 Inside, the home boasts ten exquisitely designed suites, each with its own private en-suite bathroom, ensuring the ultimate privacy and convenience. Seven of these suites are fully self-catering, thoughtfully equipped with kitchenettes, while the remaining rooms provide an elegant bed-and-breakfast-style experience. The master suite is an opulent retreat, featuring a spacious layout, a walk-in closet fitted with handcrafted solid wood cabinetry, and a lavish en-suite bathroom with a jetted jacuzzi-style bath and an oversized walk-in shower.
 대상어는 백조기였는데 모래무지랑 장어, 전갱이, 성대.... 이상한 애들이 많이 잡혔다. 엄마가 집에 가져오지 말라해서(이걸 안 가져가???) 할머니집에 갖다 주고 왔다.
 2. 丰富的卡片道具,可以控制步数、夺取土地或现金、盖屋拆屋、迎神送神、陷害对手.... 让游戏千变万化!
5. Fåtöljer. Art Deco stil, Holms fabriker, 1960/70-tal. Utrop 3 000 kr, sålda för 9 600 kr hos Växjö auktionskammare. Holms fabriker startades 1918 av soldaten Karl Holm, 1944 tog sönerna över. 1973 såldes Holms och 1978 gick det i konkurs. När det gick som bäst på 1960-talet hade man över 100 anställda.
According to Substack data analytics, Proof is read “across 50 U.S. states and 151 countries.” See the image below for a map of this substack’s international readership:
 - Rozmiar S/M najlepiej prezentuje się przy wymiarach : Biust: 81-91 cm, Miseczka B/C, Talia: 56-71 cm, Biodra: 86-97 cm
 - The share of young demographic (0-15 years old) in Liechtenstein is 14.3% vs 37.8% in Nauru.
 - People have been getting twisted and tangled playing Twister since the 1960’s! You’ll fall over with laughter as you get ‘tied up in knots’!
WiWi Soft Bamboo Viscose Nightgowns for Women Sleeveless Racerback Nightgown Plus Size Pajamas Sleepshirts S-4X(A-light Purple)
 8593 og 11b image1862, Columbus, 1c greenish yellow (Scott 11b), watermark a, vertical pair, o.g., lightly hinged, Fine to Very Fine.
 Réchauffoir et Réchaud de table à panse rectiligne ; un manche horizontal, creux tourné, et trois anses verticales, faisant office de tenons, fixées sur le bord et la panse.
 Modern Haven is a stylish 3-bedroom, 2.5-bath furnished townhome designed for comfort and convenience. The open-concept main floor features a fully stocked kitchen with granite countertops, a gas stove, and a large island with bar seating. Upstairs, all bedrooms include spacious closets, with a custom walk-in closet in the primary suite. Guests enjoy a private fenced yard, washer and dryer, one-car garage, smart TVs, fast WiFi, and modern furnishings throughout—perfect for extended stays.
= = = =
» The task: The data must be given again in full. Keep every line identical.

» Response to this exercise:
 Inside, the home boasts ten exquisitely designed suites, each with its own private en-suite bathroom, ensuring the ultimate privacy and convenience. Seven of these suites are fully self-catering, thoughtfully equipped with kitchenettes, while the remaining rooms provide an elegant bed-and-breakfast-style experience. The master suite is an opulent retreat, featuring a spacious layout, a walk-in closet fitted with handcrafted solid wood cabinetry, and a lavish en-suite bathroom with a jetted jacuzzi-style bath and an oversized walk-in shower.
 대상어는 백조기였는데 모래무지랑 장어, 전갱이, 성대.... 이상한 애들이 많이 잡혔다. 엄마가 집에 가져오지 말라해서(이걸 안 가져가???) 할머니집에 갖다 주고 왔다.
 2. 丰富的卡片道具,可以控制步数、夺取土地或现金、盖屋拆屋、迎神送神、陷害对手.... 让游戏千变万化!
5. Fåtöljer. Art Deco stil, Holms fabriker, 1960/70-tal. Utrop 3 000 kr, sålda för 9 600 kr hos Växjö auktionskammare. Holms fabriker startades 1918 av soldaten Karl Holm, 1944 tog sönerna över. 1973 såldes Holms och 1978 gick det i konkurs. När det gick som bäst på 1960-talet hade man över 100 anställda.
According to Substack data analytics, Proof is read “across 50 U.S. states and 151 countries.” See the image below for a map of this substack’s international readership:
 - Rozmiar S/M najlepiej prezentuje się przy wymiarach : Biust: 81-91 cm, Miseczka B/C, Talia: 56-71 cm, Biodra: 86-97 cm
 - The share of young demographic (0-15 years old) in Liechtenstein is 14.3% vs 37.8% in Nauru.
 - People have been getting twisted and tangled playing Twister since the 1960’s! You’ll fall over with laughter as you get ‘tied up in knots’!
WiWi Soft Bamboo Viscose Nightgowns for Women Sleeveless Racerback Nightgown Plus Size Pajamas Sleepshirts S-4X(A-light Purple)
 8593 og 11b image1862, Columbus, 1c greenish yellow (Scott 11b), watermark a, vertical pair, o.g., lightly hinged, Fine to Very Fine.
 Réchauffoir et Réchaud de table à panse rectiligne ; un manche horizontal, creux tourné, et trois anses verticales, faisant office de tenons, fixées sur le bord et la panse.
 Modern Haven is a stylish 3-bedroom, 2.5-bath furnished townhome designed for comfort and convenience. The open-concept main floor features a fully stocked kitchen with granite countertops, a gas stove, and a large island with bar seating. Upstairs, all bedrooms include spacious closets, with a custom walk-in closet in the primary suite. Guests enjoy a private fenced yard, washer and dryer, one-car garage, smart TVs, fast WiFi, and modern furnishings throughout—perfect for extended stays.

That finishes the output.